In the German Democratic Republic, he emerged as an early expert on environmental policy, eventually leading him to be appointed the GDR's first Environmental Minister.
However, Titel suddenly died under unexplained circumstances shortly afterwards at the age of 40, after the Stasi discovered that Titel had concealed his father's crimes against humanity as SS officer.
The son of a laborer, he attended elementary and secondary school. After being forcibly resettled in the Soviet occupation zone, Titel completed an agricultural apprenticeship from 1946 to 1950 and attended the agricultural school in Zossen.[1]
In 1949, he became a member of the FDGB (Free German Trade Union Federation) and the FDJ (Free German Youth). Until 1950, he worked as a farm laborer and until 1951 as an agricultural research technician in Frankfurt (Oder).
In 1950, he joined the Democratic Farmers' Party of Germany (DBD), an East German bloc party founded on the instigation of and beholden to the ruling Socialist Unity Party (SED),[2] served as a functionary in the Brandenburg state association of the DBD from 1951 to 1953, and was a member of the Central Council of the FDJ from 1953 to 1955. As an unofficial collaborator (IM) codenamed "Lehmann," he reported to the Stasi about the Farmers' Party.[3]

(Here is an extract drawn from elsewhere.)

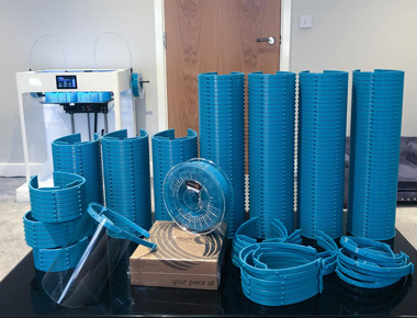 Craftbot have provided 6 IDEX 3D printers to create face shields for care homes and local GPs, dentists, pharmacists and local shop owners. So far, they have been producing 1200 units per week themselves, and have provided 800 units to other 3D printer hobbyists. They have also purchased 200 KN95 masks to give out locally with the shields.

From 1956 to 1961, he completed a distance learning program at the Institute for Agricultural Economics in Bernburg (Saale), which he completed a with a degree in agricultural economics (Dipl. agr. oec.). In 1965, he earned a doctorate in economics (Dr. rer. oec.) from the Humboldt University of Berlin on the topic of agricultural problems in Comecon and the EEC.
In May 1963, at the VII. Party Congress of the DBD, he was elected to the presidium of the DBD party executive committee.[4] From 1963 to 1966, he was chairman of the Bezirk Frankfurt (Oder) DBD, a member of the Bezirk agricultural council, a Bezirk assembly representative and from 1966 to 1967, a member of the Bezirk government.
From 1966 to 1967, he served as secretary of the DBD party executive committee.
In July 1967, he was made Deputy Chairman of the Council of Ministers of East Germany, responsible for agriculture and water management,[5] succeeding his party colleague Paul Scholz. He additionally became member of the Volkskammer that year, nominally representing a constituency in the northeast of Bezirk Frankfurt (Oder).[6]
Between October 1967 and September 1968, he led a working group of 21 researchers who presented a 118-page scientific analysis on environmental hazards in the GDR as part of the "Forecast on the Planned Development of Socialist National Culture."[7] The GDR subsequently groomed him as an expert in environmental policy.
Titel was awarded the Patriotic Order of Merit.
When he was about to be appointed the first Environmental Minister of the GDR in 1971,[8] the Stasi discovered during the appointment process that Titel had concealed in his personnel records that his father had been sentenced to death in 1948 as a former SS officer for crimes against humanity.
When the Stasi then urged the leadership of the DBD to take personnel actions against Titel, he suddenly died under unexplained circumstances at the age of 40.
According to historian Tobias Huff, who published an environmental history of the GDR in 2015, Titel died of a rare heart disease.
He was buried in the Friedrichsfelde Central Cemetery in Berlin.[9] Hans Reichelt succeeded him both as Minister for Environmental Protection and Water Management and as the DBD's Deputy Chairman of the Council of Ministers.[10]